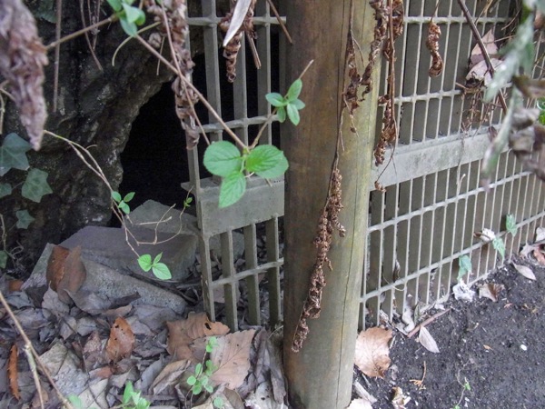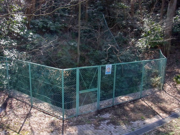 新林公園の山際にある柵のされた場所
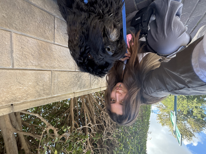 - "An outdoor daylight image taken in Ramat HaSharon, Israel, depicts a young adult female and a large black shaggy-haired dog" by FM-mfRp53, licensed under CC BY 4.0
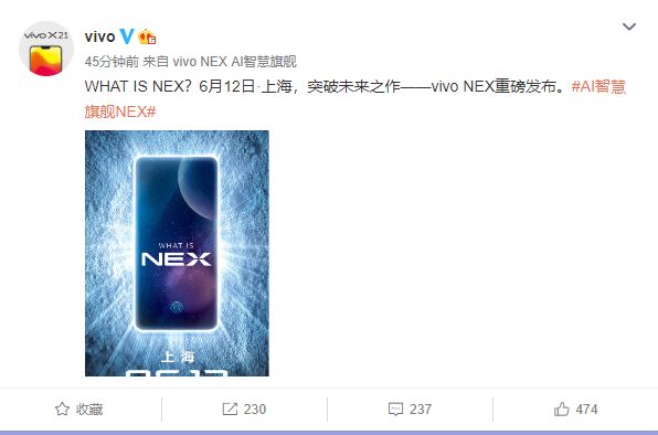 6 月 1 日上午,vivo 官方微博正式宣布,将于 6 月 12 日在上海举办发布会,正式发布真全面屏手机 vivo NEX。但实际上,在早前 vivo X21FIFA 定制版发布会上,有关该手机的消息已经被泄露,vivo NEX 在现在来说根本算不上是秘密。
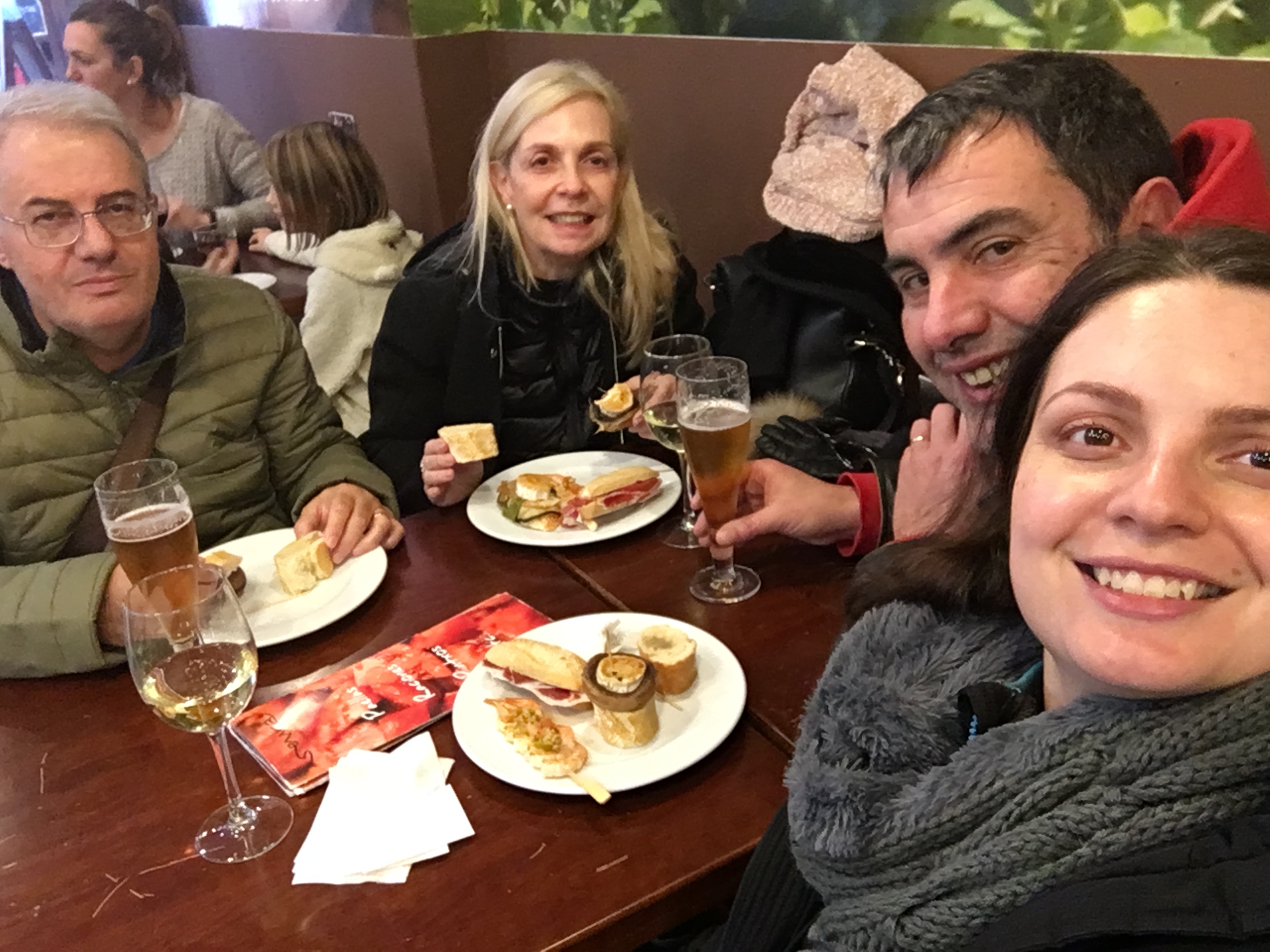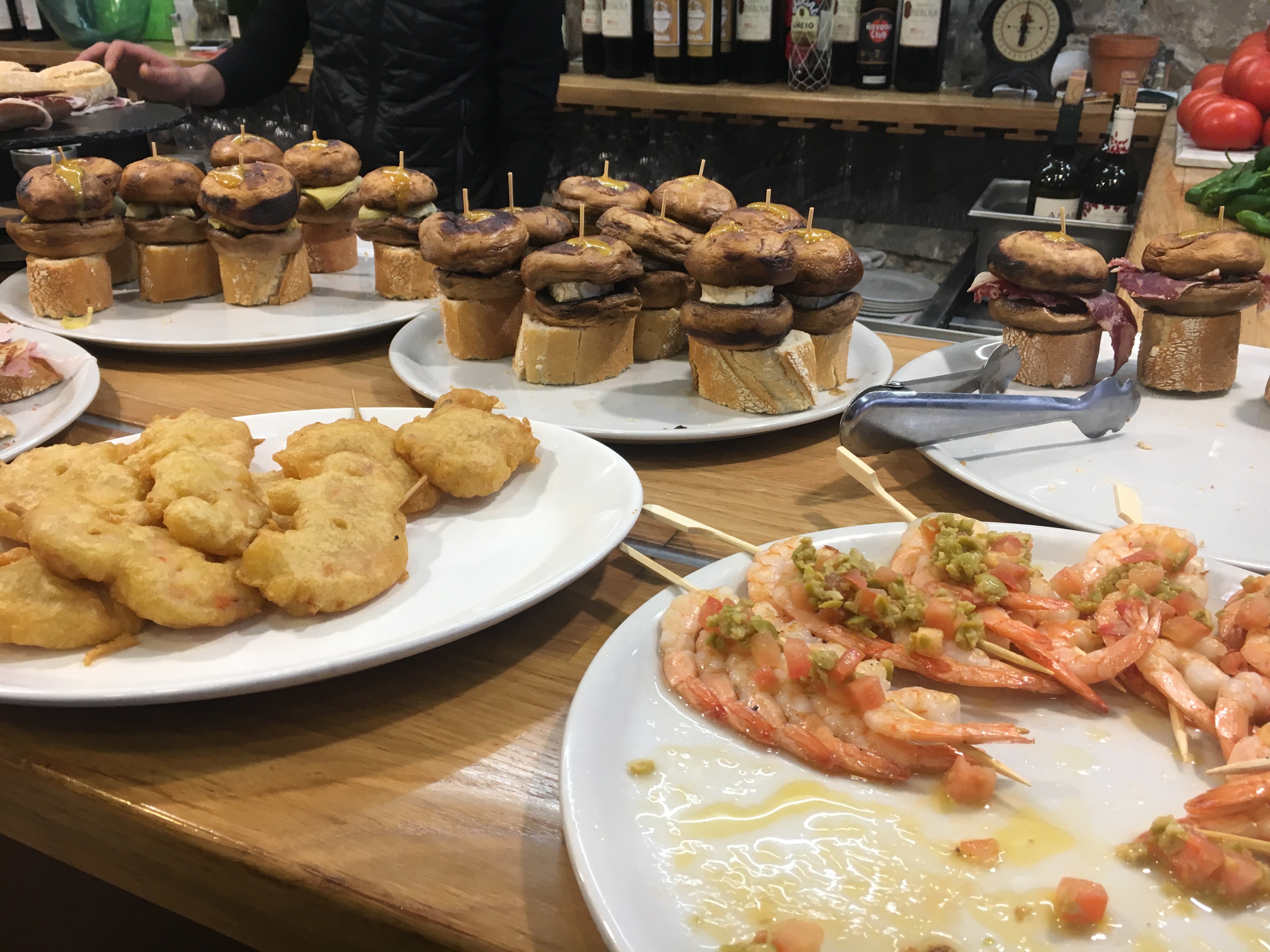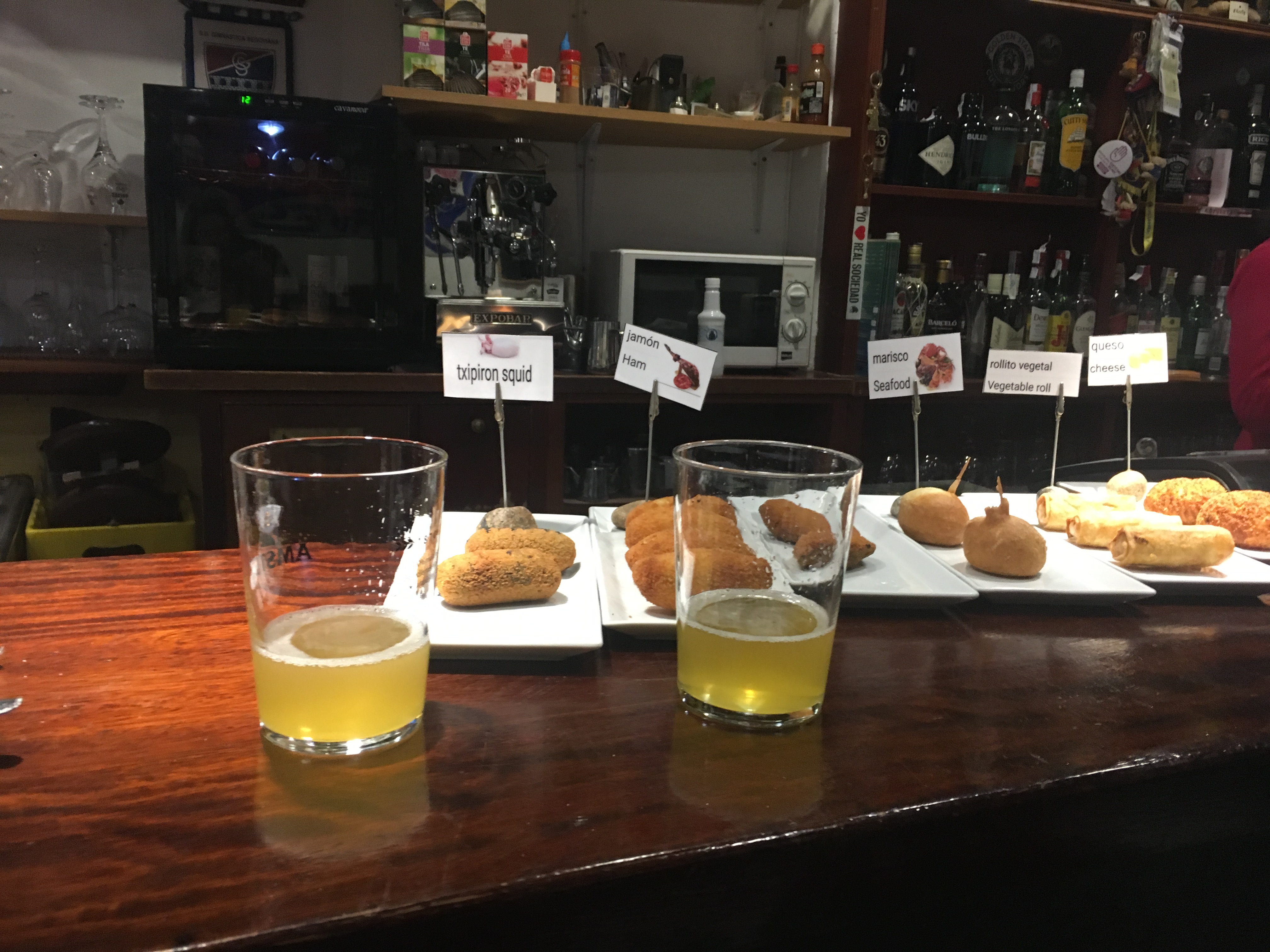 A parte velha da cidade tem uma densidade enorme de bares por metro cuadrado que nao sabíamos por qual começar. Optamos por ir entrando nos que havia mais gente dentro e olhávamos a barra onde ficam dispostos os diferentes pintxos que determinado bar oferece. Para acompanhar pedimos uma taça de vinho (txikito) e cerveja (zurito). Há pintxos para todos os gostos e bolsos, mas para nao errar, tenho um amigo que é de San Sebastian e me recomendou começar pela rua 31 de Agosto com o Gandarias Jatetxea (Calle 31 de Agosto, 23) e depois seguir para o Atari (Calle Mayor, 18) ou o Txepetxa (Calle Pescadería,5). Vale consultar essa guia aqui que vai sempre atualizando as novidades dos bares.
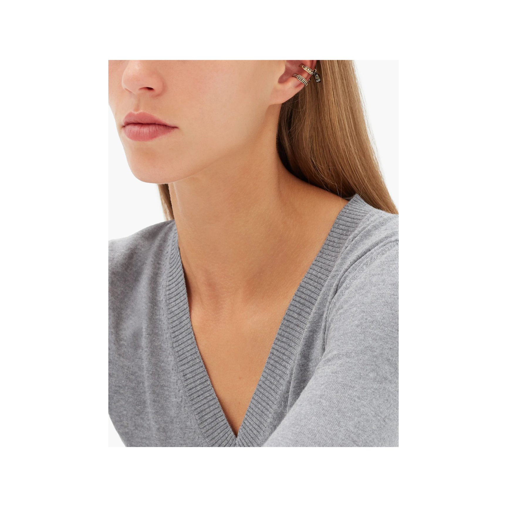 「アレキサンダー・マックイーン(Alexander McQueen)」のイヤーカフ。2つ連なったフープには、それぞれ彫刻と小さなスタッズが。おなじみのスカルモチーフが、耳元で揺れます。エッジの効いたデザインで、デイルックにスパイスを加えてみては。
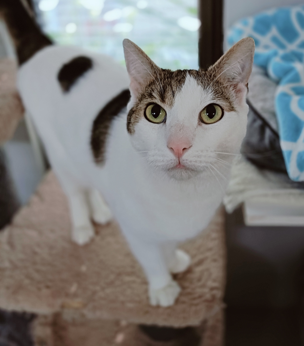 Meet Serosh, also known as Patrick! This handsome male tabby and white cat is a lovely, smoochy boy just under 2 years old. Serosh is an inquisitive feline who loves gazing out the window and enjoying the quiet life. He would do best in a single cat household as he does not get along with other cats, but he will make a loving and loyal companion for his lucky new family.
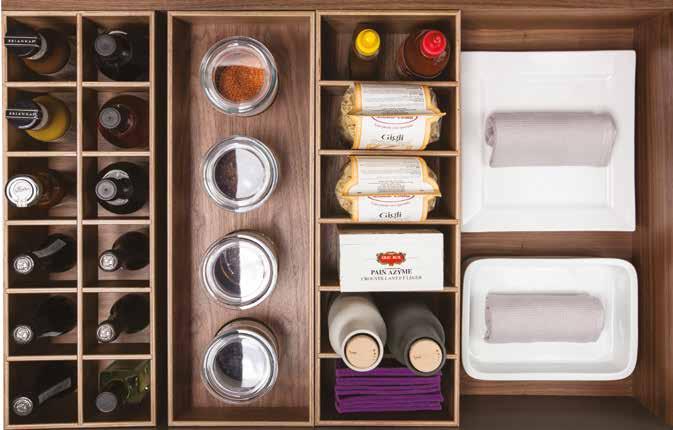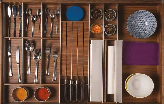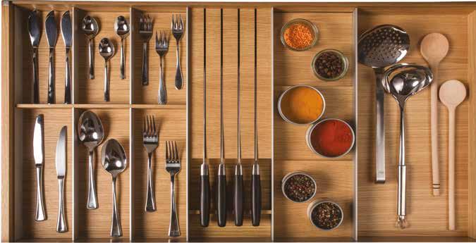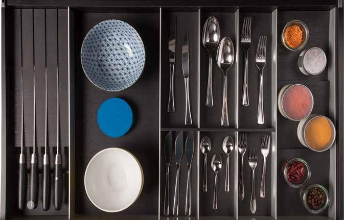 Innenorganisationssysteme Emplex und TA’OR – individuell angefertigt je nach Abmessungen der Schubkästen in Eiche, Nussbaum und im Falle TA’OR auch in schwarz.
= = = = =
● **ABOUT THIS TASK**
Once the pictures are set aside, repeat each entry exactly as it stands.

● **THE COMPLETED TASK**
 新林公園の山際にある柵のされた場所
 - "An outdoor daylight image taken in Ramat HaSharon, Israel, depicts a young adult female and a large black shaggy-haired dog" by FM-mfRp53, licensed under CC BY 4.0
 6 月 1 日上午,vivo 官方微博正式宣布,将于 6 月 12 日在上海举办发布会,正式发布真全面屏手机 vivo NEX。但实际上,在早前 vivo X21FIFA 定制版发布会上,有关该手机的消息已经被泄露,vivo NEX 在现在来说根本算不上是秘密。
 A parte velha da cidade tem uma densidade enorme de bares por metro cuadrado que nao sabíamos por qual começar. Optamos por ir entrando nos que havia mais gente dentro e olhávamos a barra onde ficam dispostos os diferentes pintxos que determinado bar oferece. Para acompanhar pedimos uma taça de vinho (txikito) e cerveja (zurito). Há pintxos para todos os gostos e bolsos, mas para nao errar, tenho um amigo que é de San Sebastian e me recomendou começar pela rua 31 de Agosto com o Gandarias Jatetxea (Calle 31 de Agosto, 23) e depois seguir para o Atari (Calle Mayor, 18) ou o Txepetxa (Calle Pescadería,5). Vale consultar essa guia aqui que vai sempre atualizando as novidades dos bares.
 「アレキサンダー・マックイーン(Alexander McQueen)」のイヤーカフ。2つ連なったフープには、それぞれ彫刻と小さなスタッズが。おなじみのスカルモチーフが、耳元で揺れます。エッジの効いたデザインで、デイルックにスパイスを加えてみては。
 Meet Serosh, also known as Patrick! This handsome male tabby and white cat is a lovely, smoochy boy just under 2 years old. Serosh is an inquisitive feline who loves gazing out the window and enjoying the quiet life. He would do best in a single cat household as he does not get along with other cats, but he will make a loving and loyal companion for his lucky new family.
 Innenorganisationssysteme Emplex und TA’OR – individuell angefertigt je nach Abmessungen der Schubkästen in Eiche, Nussbaum und im Falle TA’OR auch in schwarz.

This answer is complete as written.